Problem details: Reproduce the entries that follow exactly, dropping each image.
——————
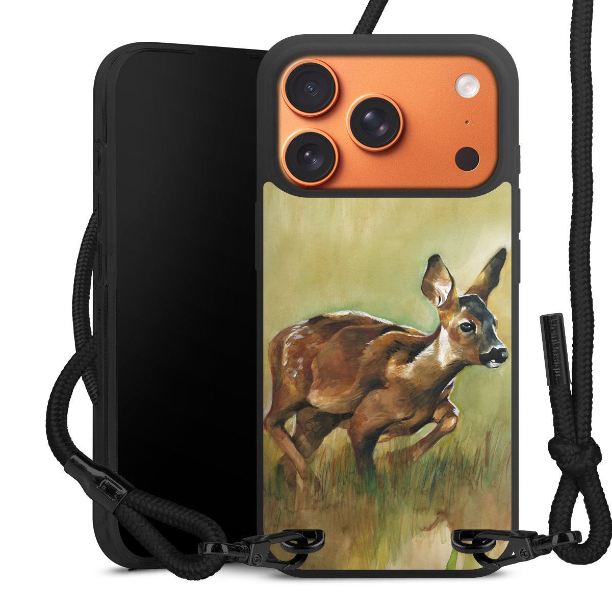 Pure Black: Handyhülle, Stoffband und Metalldetails in stylischem Mattschwarz.
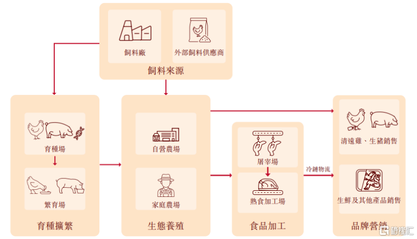 天农集团的业务模式贯穿整个清远鸡和生猪产业价值链,涵盖育种、良种繁育、生态养殖(通过自营农场模式及家庭农场模式)、饲料生产、屠宰及食品加工以及品牌营销。
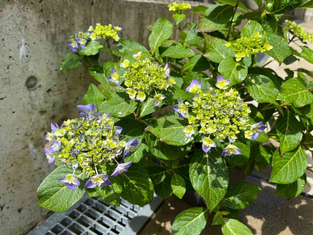 一年越しにアジサイが花をつけました!鉢植えで大きさをキープするには、また切り戻さないといけないんでしょうね…。
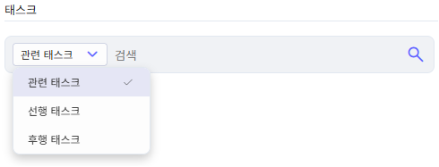 태스크와 태스크를 연결합니다. 관계 유형으로 관련 태스크, 선행 작업, 후행 작업 등을 지원합니다.
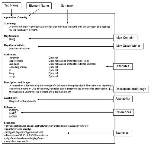 - ^ a b Pitti, Daniel V. (2009), "Encoded Archival Description (EAD)", Encyclopedia of Library and Information Sciences, Third Edition, CRC Press, pp. 1699–1707, doi:10.1081/e-elis3-120044047, ISBN 9780849397127
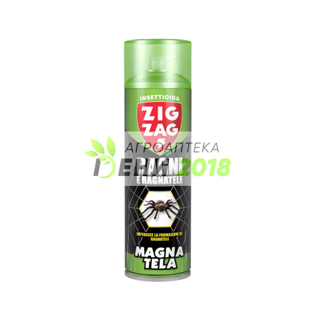 Zig Zag RAGNI e e ragnatele е инсектицид специално разработен да действа против паяци и образуването на паяжини. Има бърз първоначален ефект и продължително действие до 40 дни.
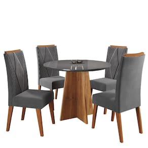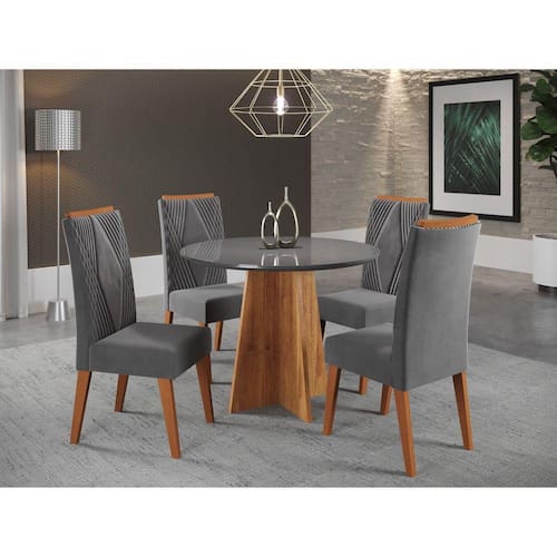 Mesas são indispensáveis para o funcionamento da casa e é no cômodo de confraternização que elas ganham protagonismo. Composto por peças de muito charme, o Conjunto RIU com cadeira Vegas torna o uso desse móvel importante para garantir uma usabilidade plena para o seu dia a dia. Ideal para cozinhas e salas de jantar. Medida da Mesa (A x L x P): A:78 x L:90 x P:90cm Peso da Mesa: 29,8 kg Mesa suporta até: 50.0000 Acabamento da Cadeira/Banco: Pintura UV Acabamento da Mesa: Pintura UV Acompanha Manual de Instalação: Sim Ambiente Principal: Sala de Jantar Cadeira/Banco Estofada: Encosto e Assento Estofados Cadeira/Banco estofada: Encosto e Assento Estofados Cadeira/Banco suporta até: 90.0000 codigo_ean: 7909903491621 Complexidade da Montagem: Média: pode ser montado por mais de uma pessoa e/ou necessite de maior conhecimento para montagem Cor: Mel/Grafite Cor do Produto: Mel/Grafite De Canto (Canto Alemão): Não Enchimento do Assento: Espuma D-20 Enchimento do Encosto: Espuma D-12 Escala de Brilho: Semi-Brilho Espessura do Tampo: 25 mm Informações Complementares: Sala de Jantar 4 lugares Itens Inclusos: 1 Mesa, 4 Cadeiras, Kit Ferragem, Manual de Montagem Manual de Montagem e Instalação: https://product-hub-prd.madeiramadeira.com.br/880359/documents/16aeb5fe-70e9-479c-a0ff-2052746348a3montagemsalariucomcadvegas.pdf Material da Base da Mesa: MDP Material da Estrutura da Cadeira: MDF/Madeira Maciça Material do Tampo: Vidro/MDF Material Principal: MDF/MDP Material Principal das Cadeiras/Bancos: Madeira Maciça Medida da Cadeira/Banco (A x L x P): A:101 x L:41 x P:61cm Medida do Tampo (L x C x E): L:90 x P:90 x E:2,5cm Mesa Extensível: Não Necessita Montagem: Sim Origem do Produto: Nacional Peso da Cadeira/Banco: 7,25 kg Possui Apoio Para os Pés: Não Possui Vidro: Sim Quantidade de Cadeiras: 4 Quantidade de Lugares: 04 Recomendações de Uso, Manutenção e Limpeza: Limpar com pano levemente umedecido com água Revestimento da Cadeira/Banco: Veludo Sistema de Montagem: Parafusos, cavilhas Vidro Temperado: Sim
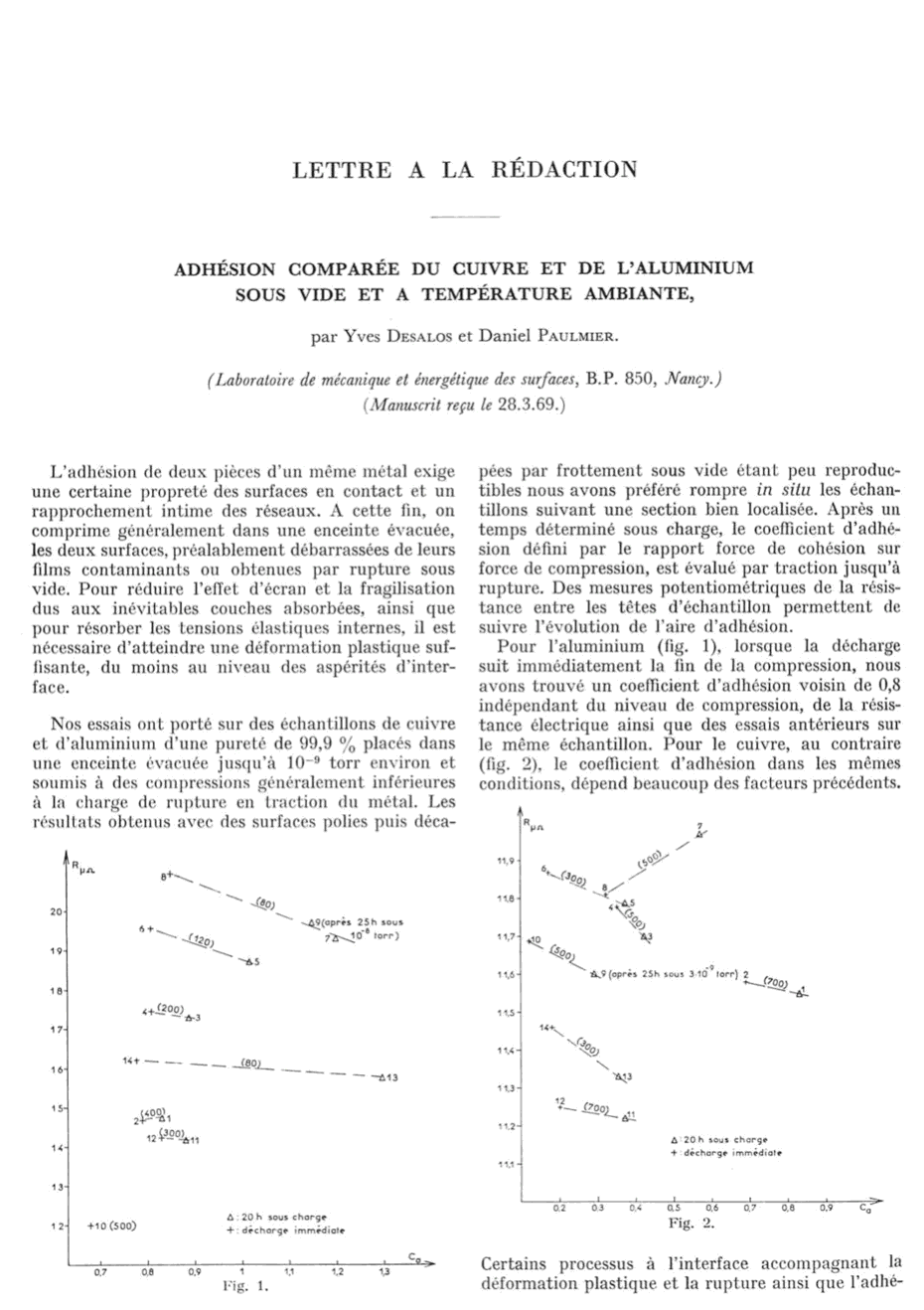 Adhésion comparée du cuivre et de l’aluminium sous vide et à température ambiante
——————
Written response:
 Pure Black: Handyhülle, Stoffband und Metalldetails in stylischem Mattschwarz.
 天农集团的业务模式贯穿整个清远鸡和生猪产业价值链,涵盖育种、良种繁育、生态养殖(通过自营农场模式及家庭农场模式)、饲料生产、屠宰及食品加工以及品牌营销。
 一年越しにアジサイが花をつけました!鉢植えで大きさをキープするには、また切り戻さないといけないんでしょうね…。
 태스크와 태스크를 연결합니다. 관계 유형으로 관련 태스크, 선행 작업, 후행 작업 등을 지원합니다.
 - ^ a b Pitti, Daniel V. (2009), "Encoded Archival Description (EAD)", Encyclopedia of Library and Information Sciences, Third Edition, CRC Press, pp. 1699–1707, doi:10.1081/e-elis3-120044047, ISBN 9780849397127
 Zig Zag RAGNI e e ragnatele е инсектицид специално разработен да действа против паяци и образуването на паяжини. Има бърз първоначален ефект и продължително действие до 40 дни.
 Mesas são indispensáveis para o funcionamento da casa e é no cômodo de confraternização que elas ganham protagonismo. Composto por peças de muito charme, o Conjunto RIU com cadeira Vegas torna o uso desse móvel importante para garantir uma usabilidade plena para o seu dia a dia. Ideal para cozinhas e salas de jantar. Medida da Mesa (A x L x P): A:78 x L:90 x P:90cm Peso da Mesa: 29,8 kg Mesa suporta até: 50.0000 Acabamento da Cadeira/Banco: Pintura UV Acabamento da Mesa: Pintura UV Acompanha Manual de Instalação: Sim Ambiente Principal: Sala de Jantar Cadeira/Banco Estofada: Encosto e Assento Estofados Cadeira/Banco estofada: Encosto e Assento Estofados Cadeira/Banco suporta até: 90.0000 codigo_ean: 7909903491621 Complexidade da Montagem: Média: pode ser montado por mais de uma pessoa e/ou necessite de maior conhecimento para montagem Cor: Mel/Grafite Cor do Produto: Mel/Grafite De Canto (Canto Alemão): Não Enchimento do Assento: Espuma D-20 Enchimento do Encosto: Espuma D-12 Escala de Brilho: Semi-Brilho Espessura do Tampo: 25 mm Informações Complementares: Sala de Jantar 4 lugares Itens Inclusos: 1 Mesa, 4 Cadeiras, Kit Ferragem, Manual de Montagem Manual de Montagem e Instalação: https://product-hub-prd.madeiramadeira.com.br/880359/documents/16aeb5fe-70e9-479c-a0ff-2052746348a3montagemsalariucomcadvegas.pdf Material da Base da Mesa: MDP Material da Estrutura da Cadeira: MDF/Madeira Maciça Material do Tampo: Vidro/MDF Material Principal: MDF/MDP Material Principal das Cadeiras/Bancos: Madeira Maciça Medida da Cadeira/Banco (A x L x P): A:101 x L:41 x P:61cm Medida do Tampo (L x C x E): L:90 x P:90 x E:2,5cm Mesa Extensível: Não Necessita Montagem: Sim Origem do Produto: Nacional Peso da Cadeira/Banco: 7,25 kg Possui Apoio Para os Pés: Não Possui Vidro: Sim Quantidade de Cadeiras: 4 Quantidade de Lugares: 04 Recomendações de Uso, Manutenção e Limpeza: Limpar com pano levemente umedecido com água Revestimento da Cadeira/Banco: Veludo Sistema de Montagem: Parafusos, cavilhas Vidro Temperado: Sim
 Adhésion comparée du cuivre et de l’aluminium sous vide et à température ambiante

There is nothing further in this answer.